Re: [RS6000] PR 80938, Don't emit eh_frame for regs that don't need saving

2017-08-16 Thread Segher Boessenkool
On Thu, Aug 17, 2017 at 11:25:27AM +0930, Alan Modra wrote:
> On Wed, Aug 16, 2017 at 06:23:13PM -0500, Segher Boessenkool wrote:
> > Maybe whatever is creating those instructions should set RTX_FRAME_RELATED_P
> > by itself?  Not sure if that is nicer.
> > 
> > Both this CR2 and R0 handling are pretty nasty hacks.  Could you add a
> > comment saying that?
> 
> I wouldn't say the R0 handling is a nasty hack at all.  You can't save
> LR directly, storing to the stack must go via a gpr.  I'm 100% sure
> you know that, and so would anyone else working on powerpc gcc
> support.  It so happens that we use r0 in every case we hit this 
> code.  *That* fact is commented.  I don't really know what else you
> want.

But R0 isn't necessarily used for LR here.  That is true currently in
all cases I can see, but it can be used for other things.  The ABI
doesn't force things here.

The separate shrink-wrapping code does use R0 for other things, but it
manually sets the CFI notes anyway, so no problem there.  Maybe I should
just stop worrying.

> (Incidentally, the dwarf2cfi.c behaviour is described by
> 
>   In addition, if a register has previously been saved to a different
>   register,
> 
> Yup, great comment that one!  Dates back to 2004, commit 60ea93bb72.)
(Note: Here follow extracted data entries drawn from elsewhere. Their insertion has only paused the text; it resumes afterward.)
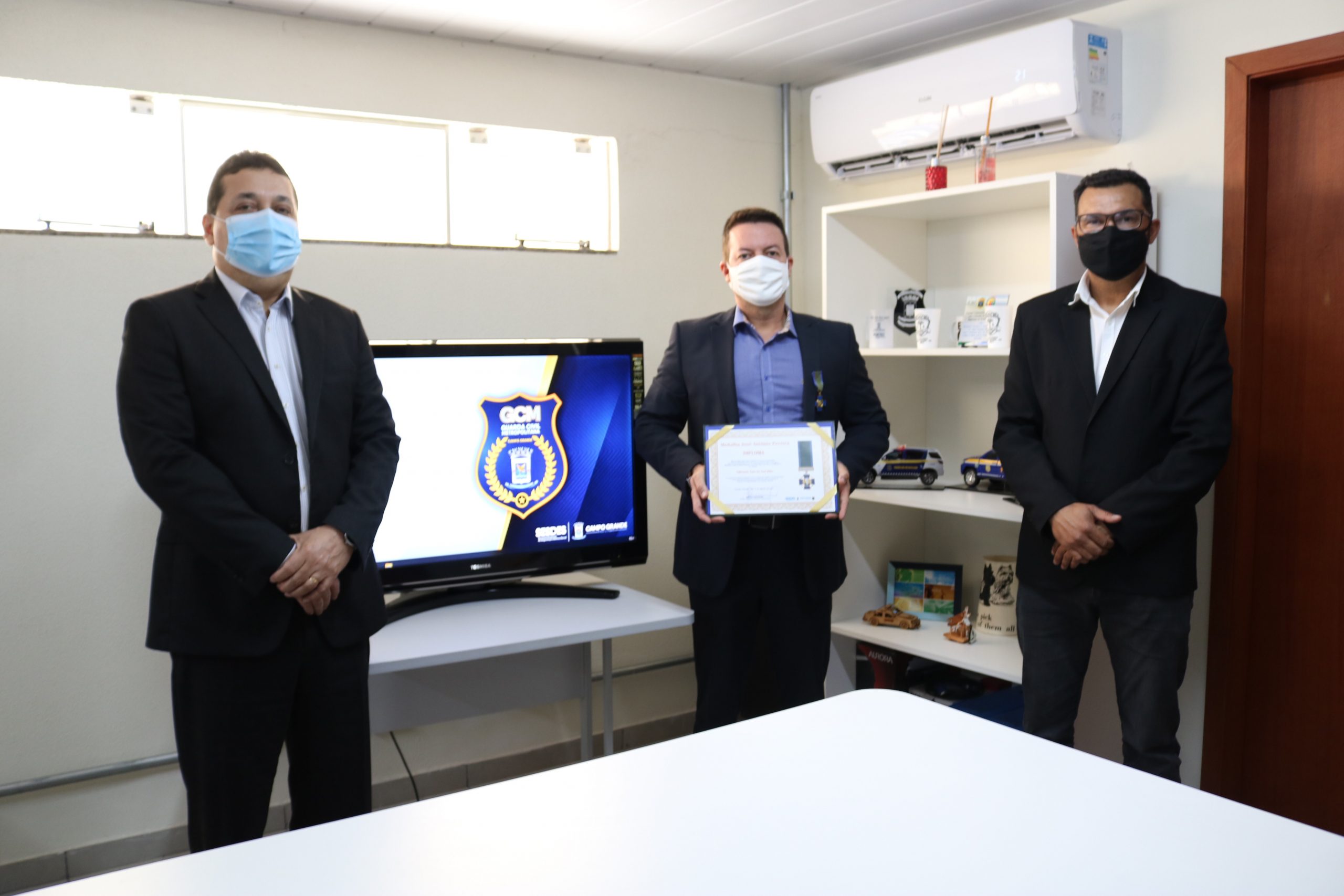 O delegado-geral da Polícia Civil, Adriano Garcia Geraldo, recebeu ontem, 20/08, a medalha José Antônio Pereira. A comenda foi entregue pelo secretário especial de segurança pública e defesa social, Valério Azambuja. Além do delegado-geral, o
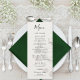 A wedding reception menu featuring a modern motif of a white rose on a ivory-colored background, complete with meal course selections, dessert and detailed descriptions.
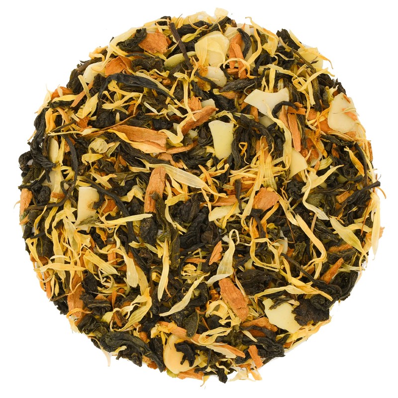 - PRUEBA: El envolvente sabor de un té verde en hoja entera proveniente de la India con una rica combinación de manzana, canela y un toque de caléndula silvestre; Ingredientes: Té Verde, Caléndula, Manzana y Canela

Perhaps inspired by the REG_CFA_REGISTER name for the RTL note ;-)

> The CR2 thing is a long-standing convention for frame info about CR, a
> wart fixed by ELFv2.  See elsewhere

That ELFv2 fix is why I still haven't submitted the separate shrink-wrapping
for CR fields code -- it complicates things a lot :-/

> I'l go with:
> 
>   /* If we see CR2 then we are here on a Darwin world save.  Saves of
>  CR2 signify the whole CR is being saved.  This is a long-standing
>  ABI wart fixed by ELFv2.  As for r0/lr there is no need to check
>  that CR needs to be saved.  */

That is fine, thanks again.


Segher


Re: [RS6000] PR 80938, Don't emit eh_frame for regs that don't need saving

2017-08-16 Thread Alan Modra
On Wed, Aug 16, 2017 at 06:23:13PM -0500, Segher Boessenkool wrote:
> Hi!
> 
> On Wed, Aug 16, 2017 at 08:05:04AM +0930, Alan Modra wrote:
> > Repost with requested changes.  I've extracted the logic that omits
> > frame saves from rs6000_frame_related to a new function, because it's
> > easier to document that way.  The logic has been simplified a little
> > too: fixed_reg_p doesn't need to be called there.
> > 
> > PR target/80938
> > * config/rs6000/rs6000.c (rs6000_savres_strategy): Revert 2017-08-09.
> > Don't use store multiple if only one reg needs saving.
> > (interesting_frame_related_regno): New function.
> > (rs6000_frame_related): Don't emit eh_frame for regs that
> > don't need saving.
> > (rs6000_emit_epilogue): Likewise.
> 
> It's not just eh_frame, it's all call frame information.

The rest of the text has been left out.